宝塚歌劇団月組トップスター、龍真咲(りゅう・まさき)の退団公演「NOBUNAGA〈信長〉-下天の夢-」「Forever LOVE!!」が10日、兵庫・宝塚大劇場で開幕した。

 トップ在位4年に及んだ龍が、最後に臨んだ“男”は織田信長だった。武家社会に異風を吹き込んだ信長を、和物ながらに楽曲はロックでつづった異色ミュージカル。男役16年の龍自身の生きざまを重ねて描いた芝居に仕上がった。

 けいこ中には「男役・龍真咲の人生を(信長に)掛け合わせて演じたい」と話していた通り、信長らしい圧倒的なカリスマ性と、トップならではの孤独感を投影させ、ロック版・信長を作り上げた。

 「さあ、行こう!」。芝居のエンディングでは、退団後、新たな人生を歩む龍自身の思いともとれるセリフで締めた。

 入団前から宝塚ファンだった龍だけに、最後の公演は、タカラヅカを象徴する「夢」と「愛」を詰め込んだ。芝居は、天下取りへの「夢」を追った織田信長を描き、ショーでは支えてくれたファン、仲間との「愛」を歌い上げた。

 「プロローグの後は中詰めの連続。私も出ずっぱりだし、一気にフィナーレへ行きます」。“予告”通り、約1時間のショーも、フルスロットルで駆け抜ける。オリジナル曲の合間には「真咲を愛してくれて、ありがとう」と、メッセージも入れた。

 「龍は…愛を蒔(ま)いた…」などと、男役集大成の“サヨナラ仕様”のナンバーも織り交ぜ、ラストステージの有終を飾る。

 月組一筋で育った龍は、仲間との固い絆にも感謝。トップ娘役の愛希(まなき)れいか、次期トップに内定している珠城(たまき)りょうとのからみも披露した。

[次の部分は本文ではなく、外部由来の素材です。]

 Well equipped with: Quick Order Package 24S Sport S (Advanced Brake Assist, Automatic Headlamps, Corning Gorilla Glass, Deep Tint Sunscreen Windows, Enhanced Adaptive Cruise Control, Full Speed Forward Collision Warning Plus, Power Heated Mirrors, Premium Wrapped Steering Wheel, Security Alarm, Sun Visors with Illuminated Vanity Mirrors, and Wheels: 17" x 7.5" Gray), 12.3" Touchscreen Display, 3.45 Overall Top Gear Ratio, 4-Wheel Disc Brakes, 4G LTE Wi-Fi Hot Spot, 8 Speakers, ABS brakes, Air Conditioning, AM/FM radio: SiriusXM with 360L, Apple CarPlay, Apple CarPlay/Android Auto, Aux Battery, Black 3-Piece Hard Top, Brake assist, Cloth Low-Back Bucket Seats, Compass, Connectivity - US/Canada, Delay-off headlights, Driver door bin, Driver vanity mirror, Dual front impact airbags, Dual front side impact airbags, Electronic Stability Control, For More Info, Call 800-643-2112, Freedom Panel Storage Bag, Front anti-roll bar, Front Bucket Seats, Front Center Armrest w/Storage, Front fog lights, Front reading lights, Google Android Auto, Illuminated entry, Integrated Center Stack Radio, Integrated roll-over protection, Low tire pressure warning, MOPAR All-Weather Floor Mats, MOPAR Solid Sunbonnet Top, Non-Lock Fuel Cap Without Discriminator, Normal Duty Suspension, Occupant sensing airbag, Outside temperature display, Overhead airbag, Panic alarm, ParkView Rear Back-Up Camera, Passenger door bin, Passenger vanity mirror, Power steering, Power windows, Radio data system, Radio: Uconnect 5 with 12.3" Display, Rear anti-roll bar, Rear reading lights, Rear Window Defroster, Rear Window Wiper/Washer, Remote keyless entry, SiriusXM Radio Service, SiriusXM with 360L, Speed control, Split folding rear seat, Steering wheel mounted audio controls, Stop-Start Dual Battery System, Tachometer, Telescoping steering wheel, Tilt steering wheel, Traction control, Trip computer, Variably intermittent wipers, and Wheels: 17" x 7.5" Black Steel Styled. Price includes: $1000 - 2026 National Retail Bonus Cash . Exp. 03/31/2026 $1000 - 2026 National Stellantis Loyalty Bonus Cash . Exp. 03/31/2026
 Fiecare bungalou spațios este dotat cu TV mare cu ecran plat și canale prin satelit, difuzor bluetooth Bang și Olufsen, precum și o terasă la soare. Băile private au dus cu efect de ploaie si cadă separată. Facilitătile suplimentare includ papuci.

 愛希とのデュエットダンスこそないものの、男役スターの凪七瑠海(なぎな・るうみ)、美弥(みや)るりか、さらには専科から出演している同期の沙央(さおう)くらまが女役にふんし、龍とコンビを組み、絆と愛を表現していた。

 また、同新人公演の主演が決まっている5年目の暁千星(あかつき・ちせい)は、信長側近の主要キャストで出演。父の元南海最多勝投手、山内和宏氏譲りの度胸の良さを発揮した。

 故夏目雅子さん、故田中好子さんのめいにあたる風間柚乃(かざま・ゆの)も信長小姓などの役を演じ、若手スターもはつらつとした演技。今春、入団したばかりの君島十和子さんの長女、蘭世恵翔(らんぜ・けいと)も、月組生としてのスタートを切った。

 宝塚大劇場公演は7月18日まで。東京宝塚劇場は8月5日~9月4日。龍は東京公演千秋楽で、劇団を退団する。